Saved data entries:
◆ ◆ ◆ ◆
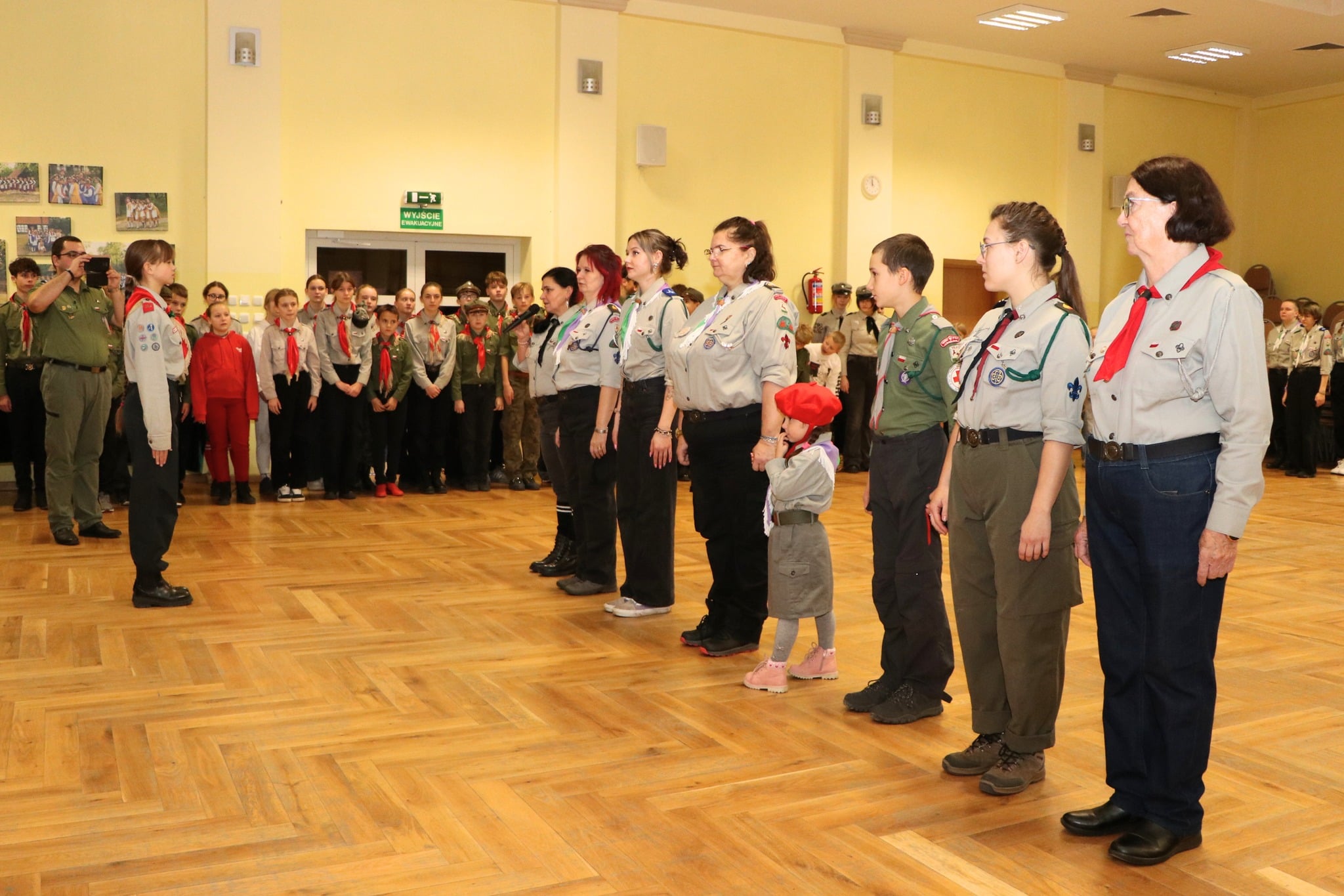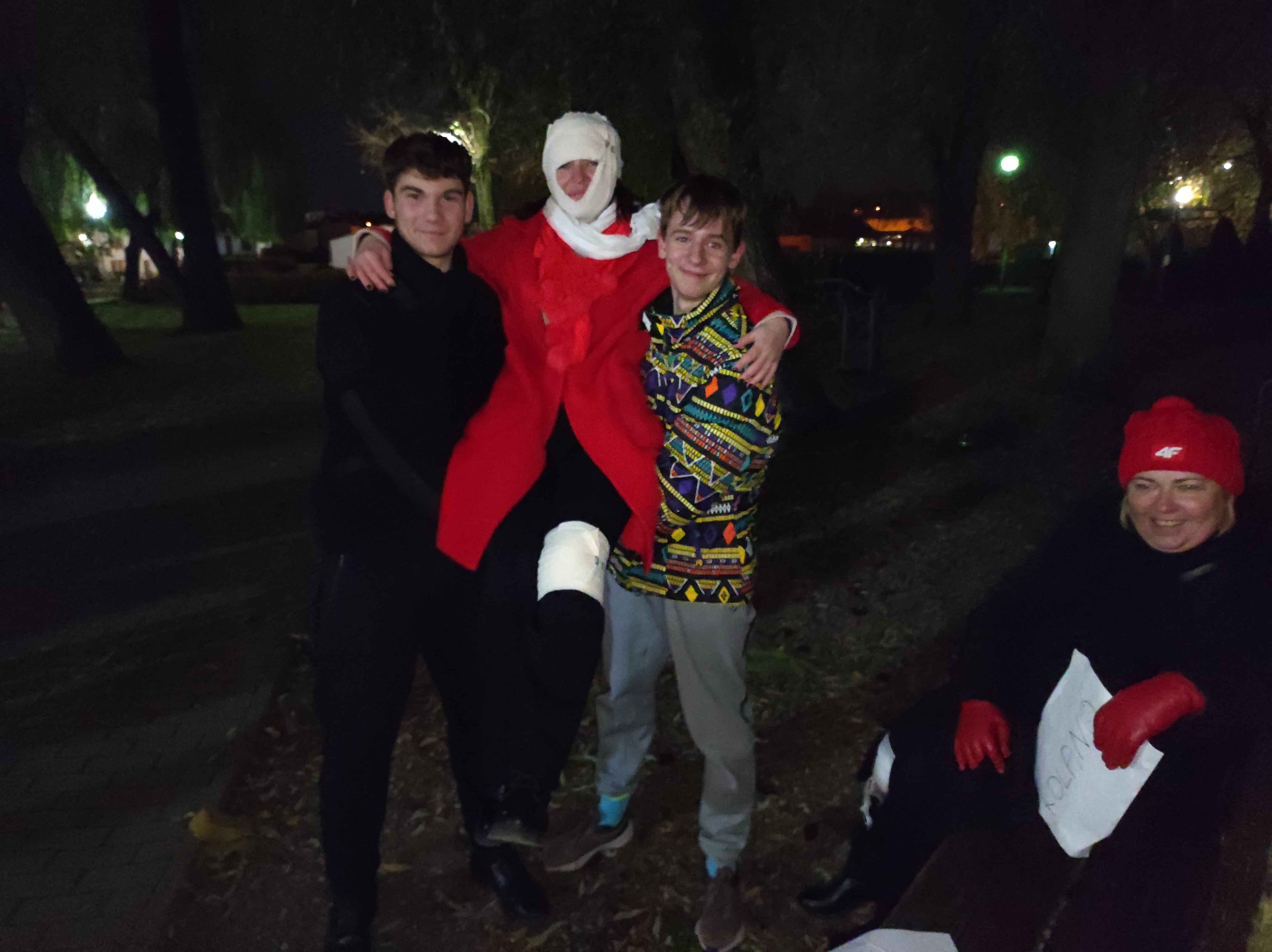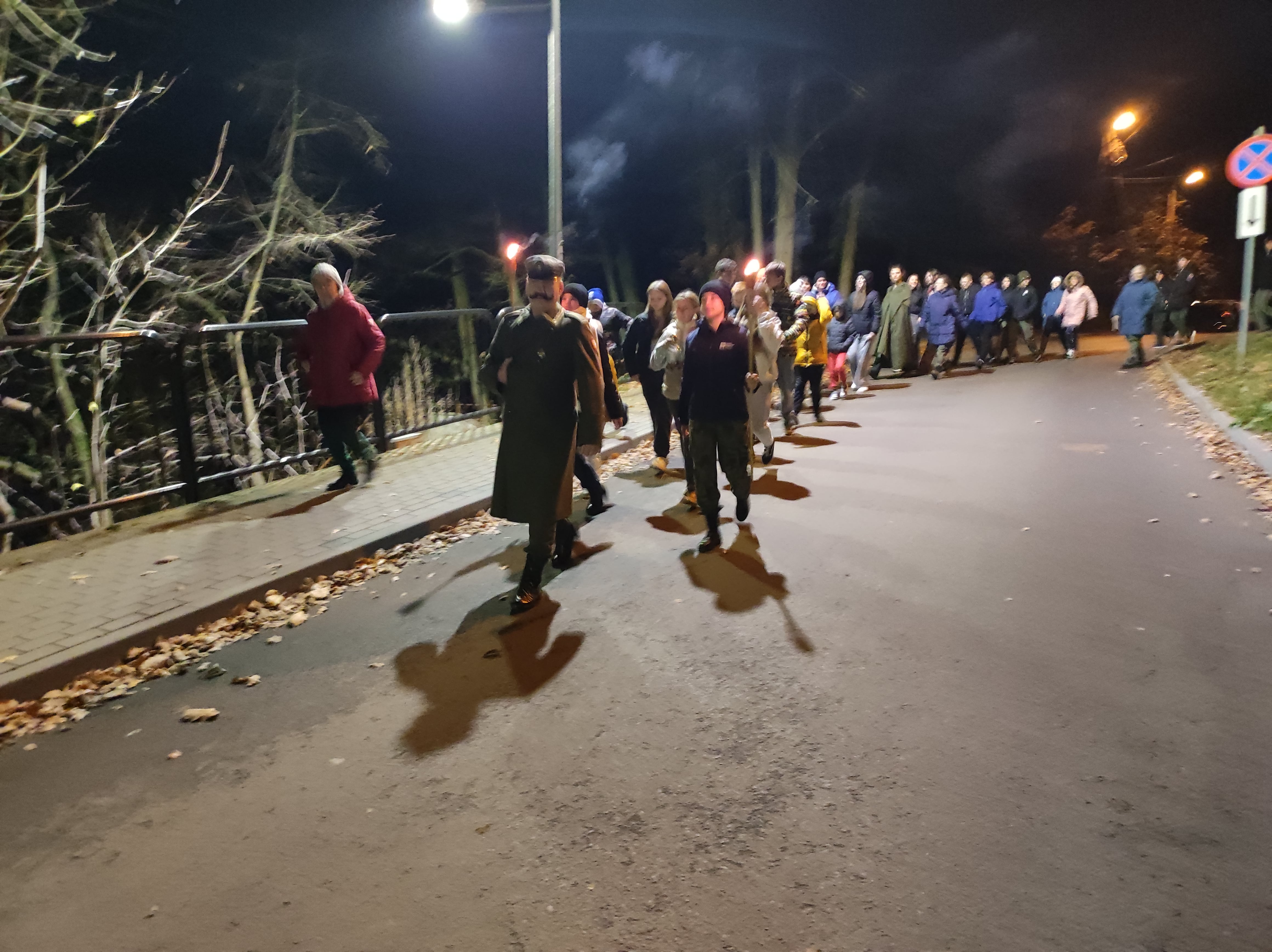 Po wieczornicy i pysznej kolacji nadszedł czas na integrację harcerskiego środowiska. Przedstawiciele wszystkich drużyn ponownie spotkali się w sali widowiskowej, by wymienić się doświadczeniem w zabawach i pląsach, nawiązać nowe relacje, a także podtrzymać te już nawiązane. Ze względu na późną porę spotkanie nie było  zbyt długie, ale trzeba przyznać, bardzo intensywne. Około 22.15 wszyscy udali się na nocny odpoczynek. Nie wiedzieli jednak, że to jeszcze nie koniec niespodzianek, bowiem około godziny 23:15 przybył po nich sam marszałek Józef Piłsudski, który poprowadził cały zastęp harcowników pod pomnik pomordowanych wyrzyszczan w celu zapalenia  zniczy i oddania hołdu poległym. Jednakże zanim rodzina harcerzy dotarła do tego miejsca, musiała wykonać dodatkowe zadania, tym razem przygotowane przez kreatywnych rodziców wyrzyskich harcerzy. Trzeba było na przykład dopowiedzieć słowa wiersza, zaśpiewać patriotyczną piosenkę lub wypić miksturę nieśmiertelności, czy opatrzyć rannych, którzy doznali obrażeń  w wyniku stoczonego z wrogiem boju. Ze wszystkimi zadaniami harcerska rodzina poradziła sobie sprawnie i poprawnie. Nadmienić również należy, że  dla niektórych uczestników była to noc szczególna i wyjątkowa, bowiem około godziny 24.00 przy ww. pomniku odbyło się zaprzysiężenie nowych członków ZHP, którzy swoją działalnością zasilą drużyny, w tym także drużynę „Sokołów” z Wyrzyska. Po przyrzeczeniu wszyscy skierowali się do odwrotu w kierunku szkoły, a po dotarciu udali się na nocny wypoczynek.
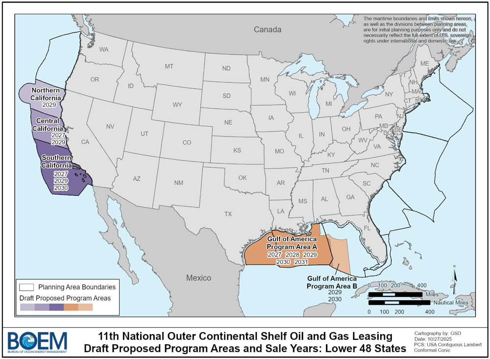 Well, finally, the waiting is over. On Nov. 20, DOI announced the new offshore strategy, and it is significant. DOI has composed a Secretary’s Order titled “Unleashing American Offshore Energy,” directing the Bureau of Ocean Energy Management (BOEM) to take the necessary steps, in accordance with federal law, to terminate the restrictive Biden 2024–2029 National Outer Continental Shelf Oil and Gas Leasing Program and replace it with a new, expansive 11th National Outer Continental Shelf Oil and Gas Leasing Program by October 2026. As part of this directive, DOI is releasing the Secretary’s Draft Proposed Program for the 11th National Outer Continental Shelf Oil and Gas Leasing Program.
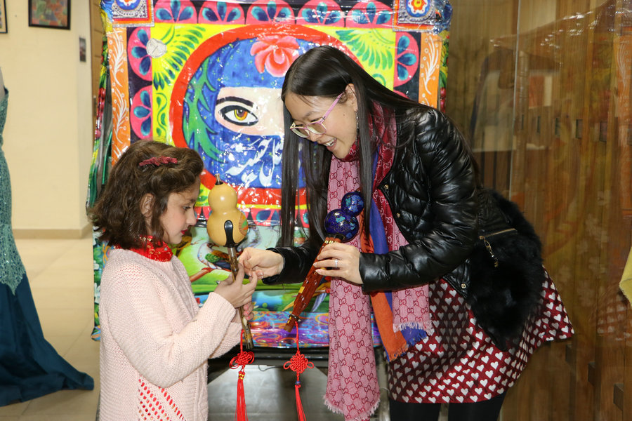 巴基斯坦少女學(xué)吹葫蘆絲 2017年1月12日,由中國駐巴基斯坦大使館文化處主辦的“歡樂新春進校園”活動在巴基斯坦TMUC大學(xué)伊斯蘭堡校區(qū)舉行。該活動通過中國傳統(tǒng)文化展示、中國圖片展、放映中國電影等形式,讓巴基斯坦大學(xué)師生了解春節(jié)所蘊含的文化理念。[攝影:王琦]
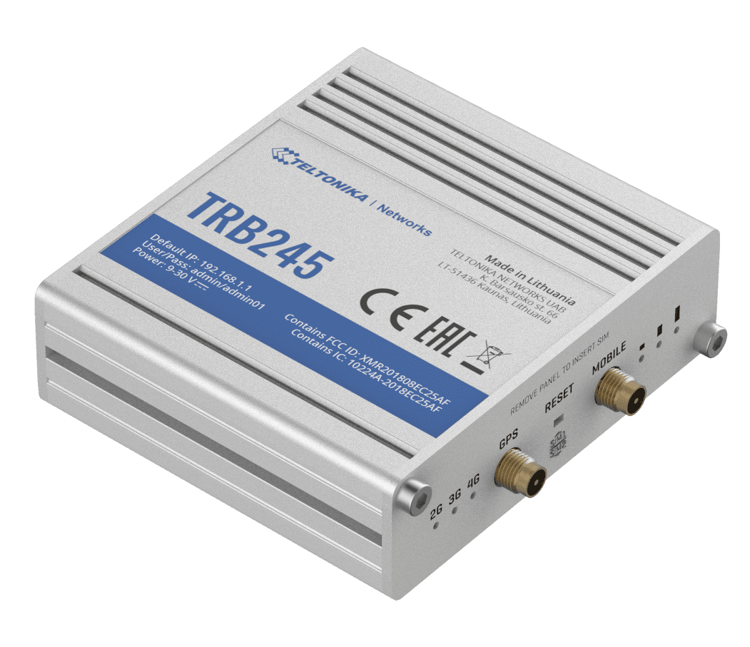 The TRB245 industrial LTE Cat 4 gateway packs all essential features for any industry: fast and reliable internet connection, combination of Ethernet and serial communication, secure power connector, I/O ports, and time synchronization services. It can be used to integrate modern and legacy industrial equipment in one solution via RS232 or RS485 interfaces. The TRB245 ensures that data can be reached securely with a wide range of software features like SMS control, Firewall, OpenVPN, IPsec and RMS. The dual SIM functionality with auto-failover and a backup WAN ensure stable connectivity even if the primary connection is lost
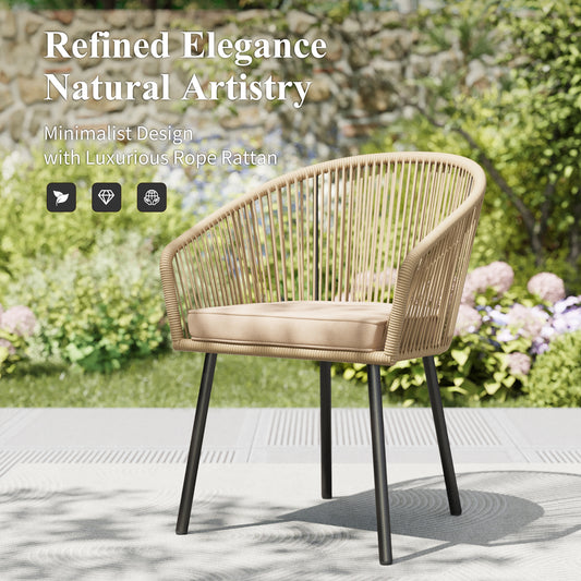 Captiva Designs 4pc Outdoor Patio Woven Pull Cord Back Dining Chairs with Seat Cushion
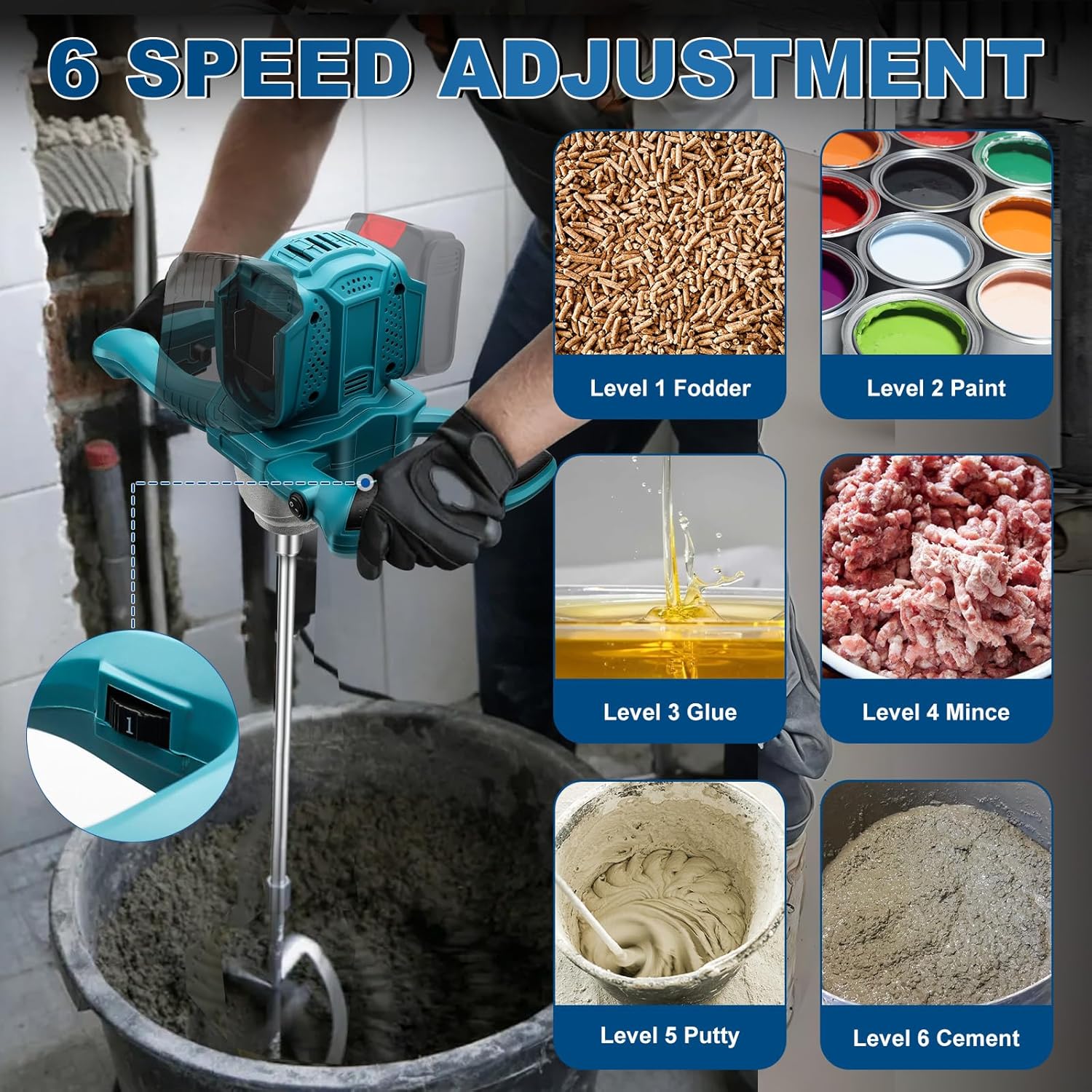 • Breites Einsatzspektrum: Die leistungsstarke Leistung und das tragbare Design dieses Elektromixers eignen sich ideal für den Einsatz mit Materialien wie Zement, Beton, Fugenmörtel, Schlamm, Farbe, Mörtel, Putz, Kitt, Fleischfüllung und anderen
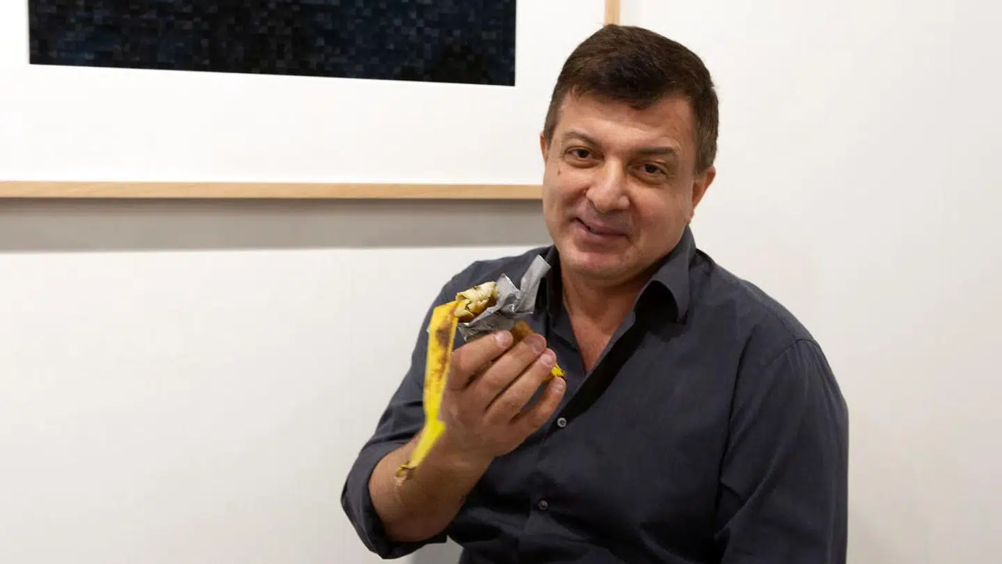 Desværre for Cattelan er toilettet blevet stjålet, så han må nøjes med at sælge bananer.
◆ ◆ ◆ ◆
Copy the entries character for character, excluding any pictures.

- [RESULT]
 Po wieczornicy i pysznej kolacji nadszedł czas na integrację harcerskiego środowiska. Przedstawiciele wszystkich drużyn ponownie spotkali się w sali widowiskowej, by wymienić się doświadczeniem w zabawach i pląsach, nawiązać nowe relacje, a także podtrzymać te już nawiązane. Ze względu na późną porę spotkanie nie było  zbyt długie, ale trzeba przyznać, bardzo intensywne. Około 22.15 wszyscy udali się na nocny odpoczynek. Nie wiedzieli jednak, że to jeszcze nie koniec niespodzianek, bowiem około godziny 23:15 przybył po nich sam marszałek Józef Piłsudski, który poprowadził cały zastęp harcowników pod pomnik pomordowanych wyrzyszczan w celu zapalenia  zniczy i oddania hołdu poległym. Jednakże zanim rodzina harcerzy dotarła do tego miejsca, musiała wykonać dodatkowe zadania, tym razem przygotowane przez kreatywnych rodziców wyrzyskich harcerzy. Trzeba było na przykład dopowiedzieć słowa wiersza, zaśpiewać patriotyczną piosenkę lub wypić miksturę nieśmiertelności, czy opatrzyć rannych, którzy doznali obrażeń  w wyniku stoczonego z wrogiem boju. Ze wszystkimi zadaniami harcerska rodzina poradziła sobie sprawnie i poprawnie. Nadmienić również należy, że  dla niektórych uczestników była to noc szczególna i wyjątkowa, bowiem około godziny 24.00 przy ww. pomniku odbyło się zaprzysiężenie nowych członków ZHP, którzy swoją działalnością zasilą drużyny, w tym także drużynę „Sokołów” z Wyrzyska. Po przyrzeczeniu wszyscy skierowali się do odwrotu w kierunku szkoły, a po dotarciu udali się na nocny wypoczynek.
 Well, finally, the waiting is over. On Nov. 20, DOI announced the new offshore strategy, and it is significant. DOI has composed a Secretary’s Order titled “Unleashing American Offshore Energy,” directing the Bureau of Ocean Energy Management (BOEM) to take the necessary steps, in accordance with federal law, to terminate the restrictive Biden 2024–2029 National Outer Continental Shelf Oil and Gas Leasing Program and replace it with a new, expansive 11th National Outer Continental Shelf Oil and Gas Leasing Program by October 2026. As part of this directive, DOI is releasing the Secretary’s Draft Proposed Program for the 11th National Outer Continental Shelf Oil and Gas Leasing Program.
 巴基斯坦少女學(xué)吹葫蘆絲 2017年1月12日,由中國駐巴基斯坦大使館文化處主辦的“歡樂新春進校園”活動在巴基斯坦TMUC大學(xué)伊斯蘭堡校區(qū)舉行。該活動通過中國傳統(tǒng)文化展示、中國圖片展、放映中國電影等形式,讓巴基斯坦大學(xué)師生了解春節(jié)所蘊含的文化理念。[攝影:王琦]
 The TRB245 industrial LTE Cat 4 gateway packs all essential features for any industry: fast and reliable internet connection, combination of Ethernet and serial communication, secure power connector, I/O ports, and time synchronization services. It can be used to integrate modern and legacy industrial equipment in one solution via RS232 or RS485 interfaces. The TRB245 ensures that data can be reached securely with a wide range of software features like SMS control, Firewall, OpenVPN, IPsec and RMS. The dual SIM functionality with auto-failover and a backup WAN ensure stable connectivity even if the primary connection is lost
 Captiva Designs 4pc Outdoor Patio Woven Pull Cord Back Dining Chairs with Seat Cushion
 • Breites Einsatzspektrum: Die leistungsstarke Leistung und das tragbare Design dieses Elektromixers eignen sich ideal für den Einsatz mit Materialien wie Zement, Beton, Fugenmörtel, Schlamm, Farbe, Mörtel, Putz, Kitt, Fleischfüllung und anderen
 Desværre for Cattelan er toilettet blevet stjålet, så han må nøjes med at sælge bananer.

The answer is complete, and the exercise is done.